Skip all pictures; return exactly the lines from the one containing "(1)基本工藝:自動落杯,自" through the end of the data.

━━━━━━━━━━━━━━━━

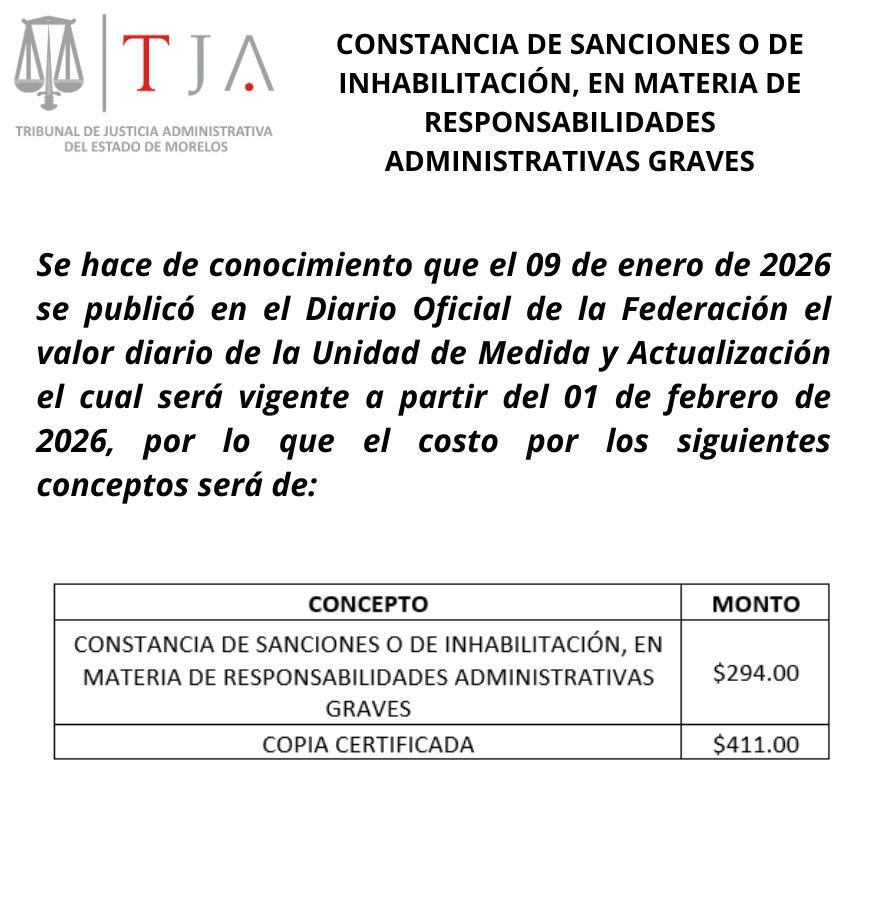 La información contenida en esta página sólo es de carácter informativo. Las notificaciones se realizan de conformidad con lo previsto por los artículos 24 al 33 de la Ley de Justicia Administrativa del Estado de Morelos: asimismo los términos comenzarán a correr de conformidad con lo establecido por los artículos 35 y 36 del citado ordenamiento.
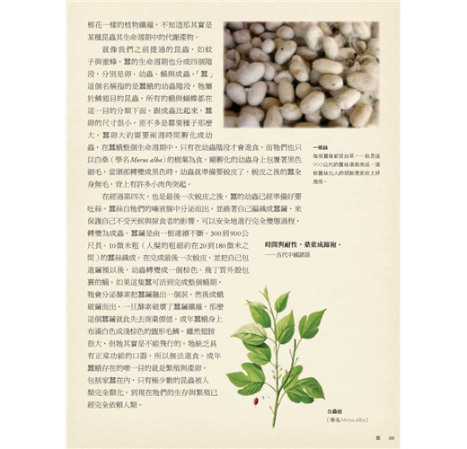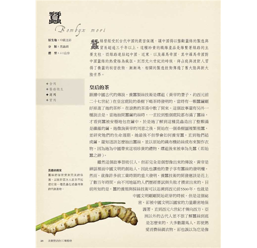 大多數羅馬人,即使熱愛消費絲綢衣物,卻也誤以為它是像棉花一樣的植物纖維,不知道那其實是某種昆蟲其生命週期中的代謝產物。(更多「蠶」內容請見本書)
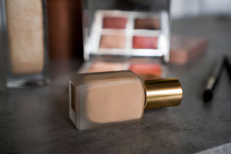 Makeup products for skin tone. Foundation, eye shadow palette in rose gold and nude colors closeup. Cosmetics for professional makeup artist
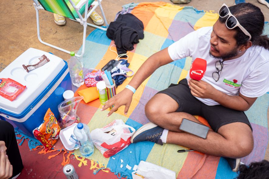 Além da distribuição das pulseiras, os fãs têm dividido alimentos e água, ajudando a cuidar dos pertences de quem precisa se ausentar momentaneamente.
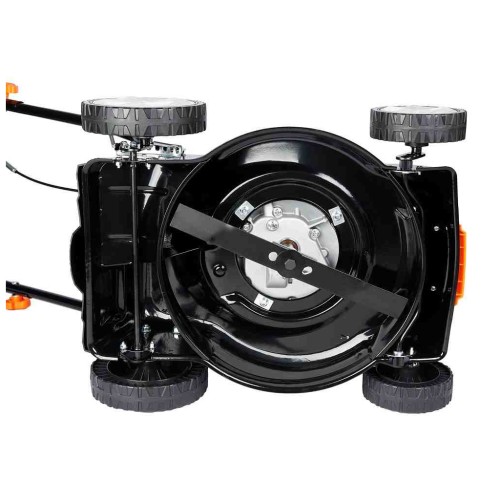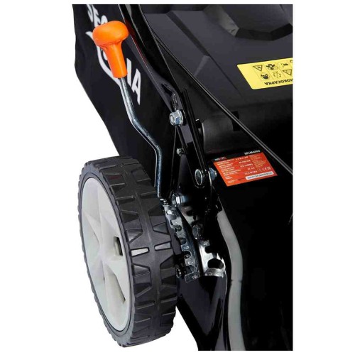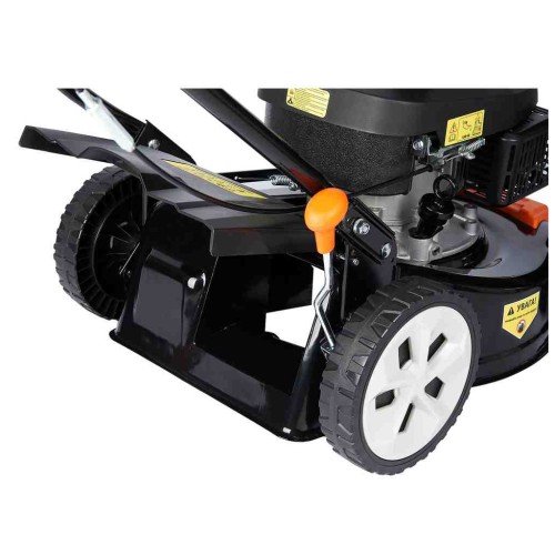 ✔ Оснащена потужним 4-тактним двигуном (99 см3), має функції збору трави, центральне регулювання висоти скошування (8 позицій, 25–75 мм).
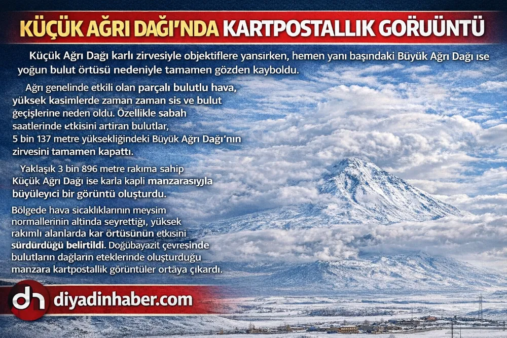 Yaklaşık 3 bin 896 metre rakıma sahip Küçük Ağrı Dağı’nın zirve hattında yer yer bulut kümeleri geçiş yapsa da dağın büyük bölümü net bir şekilde izlenebildi. Kar örtüsünün beyaz tonları ile gökyüzündeki gri bulutların oluşturduğu kontrast, doğaseverler ve fotoğraf tutkunları için eşsiz manzaralar oluşturdu. Özellikle günün ilk ışıklarıyla birlikte ortaya çıkan görüntüler, bölge halkı tarafından ilgiyle takip edildi.
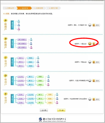 三、点击“注册”页面跳转到选择级别页面,根据根据企事业单位具体部门的划分情况选择用户使用级别。如图所示:
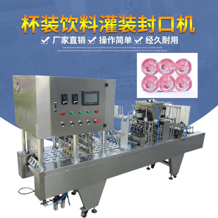 (1)基本工藝:自動落杯,自動活塞式灌裝,自動光電校膜,自動打碼,自動熱壓封口(自動封口兩次),自動切膜,自動收廢膜,自動出杯。
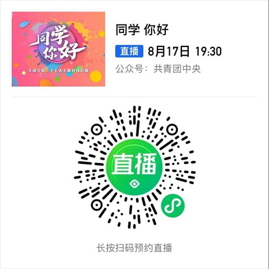 全国学联与你同拼搏,同前进,共享这场青春盛会。长按下方图片扫码预约直播吧,不见不散!

━━━━━━━━━━━━━━━━

### COMPLETED EXERCISE
 (1)基本工藝:自動落杯,自動活塞式灌裝,自動光電校膜,自動打碼,自動熱壓封口(自動封口兩次),自動切膜,自動收廢膜,自動出杯。
 全国学联与你同拼搏,同前进,共享这场青春盛会。长按下方图片扫码预约直播吧,不见不散!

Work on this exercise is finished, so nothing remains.